The degree of confidence in a decision provides a graded and probabilistic assessment of expected outcome. Although neural mechanisms of perceptual decisions have been studied extensively in primates, little is known about the mechanisms underlying choice certainty. We have shown that the same neurons that represent formation of a decision encode certainty about the decision. Rhesus monkeys made decisions about the direction of moving random dots, spanning a range of difficulties. They were rewarded for correct decisions. On some trials, after viewing the stimulus, the monkeys could opt out of the direction decision for a small but certain reward. Monkeys exercised this option in a manner that revealed their degree of certainty. Neurons in parietal cortex represented formation of the direction decision and the degree of certainty underlying the decision to opt out.
The authors used a 2AFC-task with an option to waive the decision in favour of a choice which provides low, but certain reward (the sure option) to investigate the representation of confidence in LIP neurons. Behaviourally the sure option had the expected effect: it was increasingly chosen the harder the decisions were, i.e., the more likely a false response was. Trials in which the sure option was chosen, thus, may be interpreted as those in which the subject was little confident in the upcoming decision. It is important to note that task difficulty here was manipulated by providing limited amounts of information for a limited amount of time, i.e., this was not a reaction time task.

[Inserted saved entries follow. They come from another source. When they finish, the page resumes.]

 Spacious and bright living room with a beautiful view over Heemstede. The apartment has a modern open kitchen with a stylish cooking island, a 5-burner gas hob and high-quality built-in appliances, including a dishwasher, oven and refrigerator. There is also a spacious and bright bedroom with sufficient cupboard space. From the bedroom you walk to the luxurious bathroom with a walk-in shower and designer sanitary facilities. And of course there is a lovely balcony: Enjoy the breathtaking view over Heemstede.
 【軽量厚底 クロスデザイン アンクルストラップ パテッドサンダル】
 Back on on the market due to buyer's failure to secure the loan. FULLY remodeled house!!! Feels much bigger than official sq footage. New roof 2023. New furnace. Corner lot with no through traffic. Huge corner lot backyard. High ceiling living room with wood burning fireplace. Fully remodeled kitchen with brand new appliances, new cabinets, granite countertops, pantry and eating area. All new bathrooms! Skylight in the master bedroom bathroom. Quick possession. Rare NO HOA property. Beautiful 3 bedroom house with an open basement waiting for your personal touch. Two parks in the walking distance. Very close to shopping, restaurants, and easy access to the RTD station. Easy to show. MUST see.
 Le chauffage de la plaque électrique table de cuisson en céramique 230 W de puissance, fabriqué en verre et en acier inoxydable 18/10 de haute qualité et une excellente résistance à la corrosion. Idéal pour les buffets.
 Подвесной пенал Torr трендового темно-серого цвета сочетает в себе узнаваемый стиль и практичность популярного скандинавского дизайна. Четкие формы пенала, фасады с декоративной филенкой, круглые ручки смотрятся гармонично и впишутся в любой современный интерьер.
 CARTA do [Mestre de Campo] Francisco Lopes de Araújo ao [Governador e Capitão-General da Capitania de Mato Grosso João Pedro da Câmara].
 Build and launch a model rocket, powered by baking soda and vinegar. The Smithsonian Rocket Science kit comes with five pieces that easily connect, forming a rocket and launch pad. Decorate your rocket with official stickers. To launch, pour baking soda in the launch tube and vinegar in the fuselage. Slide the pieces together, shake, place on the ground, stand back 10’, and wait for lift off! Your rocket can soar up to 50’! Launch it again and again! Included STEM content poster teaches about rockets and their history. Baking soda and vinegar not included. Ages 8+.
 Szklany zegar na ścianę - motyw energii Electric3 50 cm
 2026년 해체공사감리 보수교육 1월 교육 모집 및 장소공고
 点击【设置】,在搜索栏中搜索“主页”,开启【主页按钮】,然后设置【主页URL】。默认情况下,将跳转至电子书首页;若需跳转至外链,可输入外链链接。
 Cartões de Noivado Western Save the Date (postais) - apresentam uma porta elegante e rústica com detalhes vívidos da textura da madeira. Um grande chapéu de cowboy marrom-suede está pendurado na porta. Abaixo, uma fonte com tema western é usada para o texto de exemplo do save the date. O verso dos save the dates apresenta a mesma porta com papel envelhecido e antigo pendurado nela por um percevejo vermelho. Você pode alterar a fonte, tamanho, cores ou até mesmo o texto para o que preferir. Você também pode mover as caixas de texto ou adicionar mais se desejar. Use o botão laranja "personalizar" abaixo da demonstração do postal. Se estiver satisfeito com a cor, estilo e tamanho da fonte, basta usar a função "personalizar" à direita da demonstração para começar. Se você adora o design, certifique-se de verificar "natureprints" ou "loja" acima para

The firing rates of the recorded LIP neurons indicate that selection of the sure option is associated with an intermediate level of activity compared to that of subsequent choices of the actual decision options. For individual trials the authors found that firing rates closer to the mean firing rate (in a short time period before the sure option became available) more frequently lead to selection of the sure option than firing rates further away from the mean, but in absolute terms the activity in this time window could predict choice of the sure option only weakly (probability of 0.4). From these results the authors conclude that the LIP neurons which have previously been found to represent evidence accumulation also encode confidence in a decision. They suggest a simple drift-diffusion model with fixed diffusion parameter to explain the results. Additional to standard diffusion models they define confidence in terms of the log-posterior odds which they compute from the state of the drift-diffusion model. They define posterior as p(S_i|v), the probability that decision option i is correct given that the drift-diffusion state (the decision variable) is v. They compute it from the corresponding likelihood p(v|S_i), but don’t state how they obtained that likelihood. Anyway, the sure option is chosen in the model, when the log-posterior odds is below a certain level. I don’t see why the detour via the log-posterior odds is necessary. You could directly define v as the posterior for decision option i and still be consistent with all the findings in the paper. Of course, then v could not be governed by a linear drift anymore, but why should it in the first place? The authors keenly promote the Bayesian brain, but stop just before the finishing line. Why?